What’s Wrong with This Picture?

    Two articles in back-to-back issues of The New Yorker magazine captured my attention late last month.  Taken together, I found them rather disorienting. The first of the two focused on so-called “superyachts” and the profligate billionaires who lust after them. 

    I well remember my own years living on Florida’s Gulf coast, when a secondary school buddy of mine worked in a high-end Naples marina.  At that moment in time, a privately owned, custom built vessel with a price tag in the low millions might have measured a hundred feet from stem to stern, which struck us both as rather extravagant.  Even the high rollers in this wealth saturated tropical enclave usually settled for less.

    But the boats described by Evan Osnos in The New Yorker belong to Saudi royalty, Russian oligarchs, American corporate titans like the late Paul Allen or celebrities of Oprah Winfrey and David Geffen’s stature.  These are floating mansions, some longer than a football field and requiring a full-time crew of fifty or more.  At the low end, a “superyacht” (not be confused with its larger brethren, the “megayacht” and the “gigayacht”)  might be had for less than $200 million.  Battleship size boats, with heliports, swimming pools, banquet rooms, desalinization equipment, and any number of sumptuous extras, will carry a half-billion dollar price tag.  Still, the few firms who design and build these monuments to consumer excess can hardly keep up with demand. 

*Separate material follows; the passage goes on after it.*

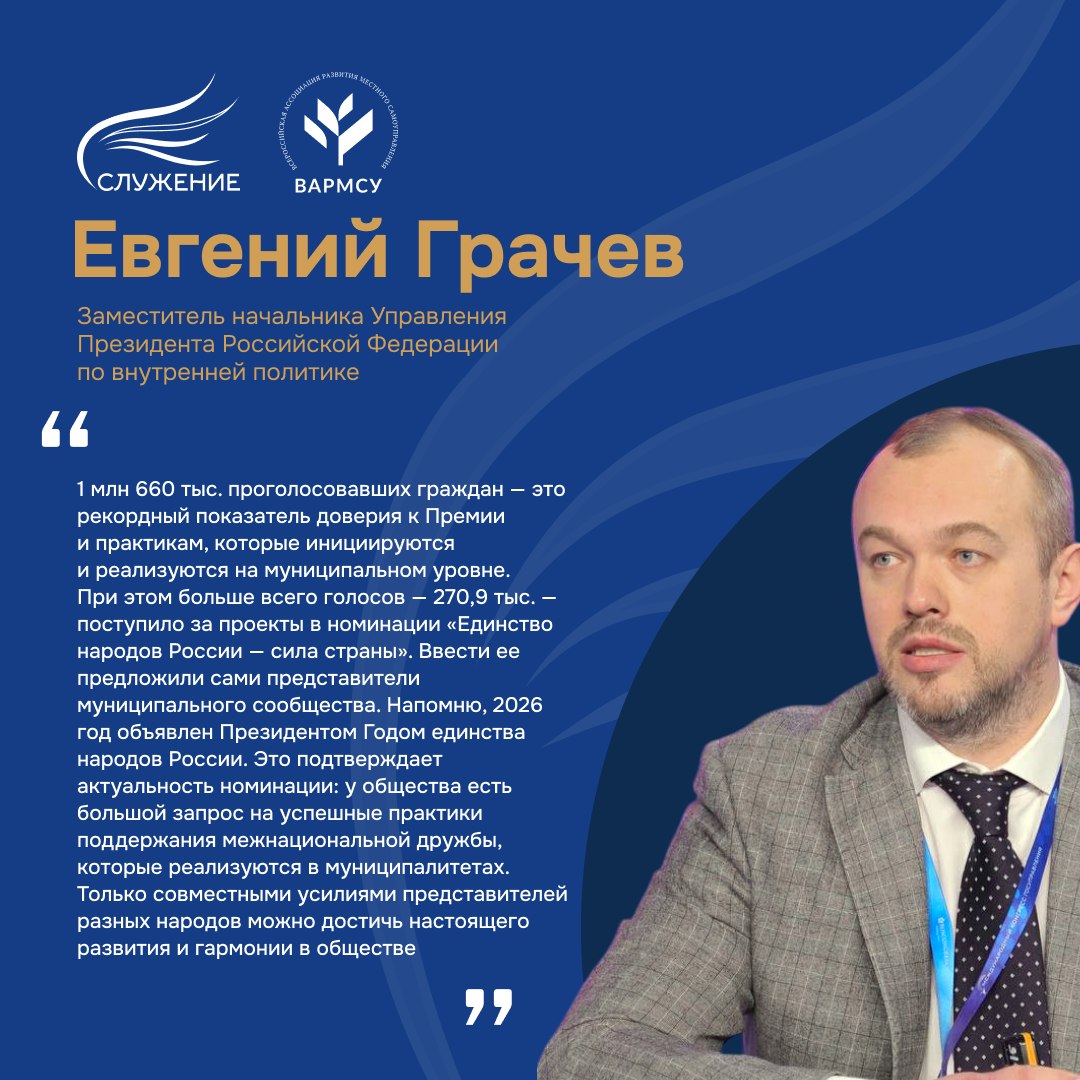 Всероссийская муниципальная премия «Служение» проводится по поручению Президента РФ Владимира Путина. Организатор - Всероссийская ассоциация развития местного самоуправления (ВАРМСУ) при поддержке Администрации Президента РФ.

    For the world’s growing number of billionaires, a really big boat has become the kind of possession that sets one apart, more so than a landlocked hundred-room castle or a Gulfstream G700 jet.  And yet there is a certain guilt - or perhaps uneasiness - that accompanies such a purchase.  As one owner put it to Osnos, “If the rest of the world learns what it’s like to live on a yacht like this, they’re gonna bring back the guillotine.”  

     The second New Yorker article appeared a week later, and it practically brought tears to my eyes.  Writer Dhruv Khullar, an American born physician of Indian ancestry, described a recent visit to Delhi, and then on to a putrid fifty-acre landfill on its outskirts.  Named Balswah, this dump reaches the height of a seventeen story building in places, and affords a meager livelihood for those who are willing to paw through it for potentially salable discards. 

    Thousands of people - men, women, children, infants and elders - occupy shacks on Balswah’s perimeter, competing with the pigs, dogs, and other sad creatures for whom savaging is the only viable option. This is not a situation unique to India, of course.  It can be witnessed in poor countries with limited employment opportunities across the globe.  What made Khullar’s reporting particularly poignant was the impact climate change has had on the already wretched conditions in which these people exist.

    Heat waves in northern India have become more frequent and much more intense.  It is now so hot that at times the landfill spontaneously combusts, creating an inferno that poses a significant risk to firefighters.  The flames having been extinguished, Balswah still smolders for days, creating even worse breathing conditions than usual (Delhi’s poor air quality is unmatched in its severity).  Between the heat, smoke and other environmental toxins, the waste-pickers suffer from unusually high levels of asthma, COPD, bronchitis, emphysema, and cancer - not to mention the fatigue, nausea and dehydration associated with prolonged heat stress. 

    Temperatures often exceed 110 degrees which, combined with high humidity, makes scavenging during daylight hours extremely dangerous. As a result, hordes descend on the dump after sunset and work through the night.  “We are living,” one woman told the author. “But we are also dying.”

    I suspect that The New Yorker’s editors made the judicious decision not to publish these vividly contrasting articles in the same issue.  But for any attentive regular reader, the juxtaposition was still startling. This may be the dystopian future to which more and more of planet Earth’s inhabitants will ultimately be consigned.  As Dhruv Khullar observed:  

The world will become even less hospitable to poor people in the decades ahead…and the degree of danger they face depends, to a large extent, on the behavior of wealthier people who are, for now, shielded from the worst effects of climate change.

     Of course.  But calmly afloat on the deep blue sea, one can enjoy the luxury not only of Dom Perignon brought properly chilled to the foredeck by your yacht’s sommelier, but also the freedom from any sight that might provoke even the slightest of hiccups.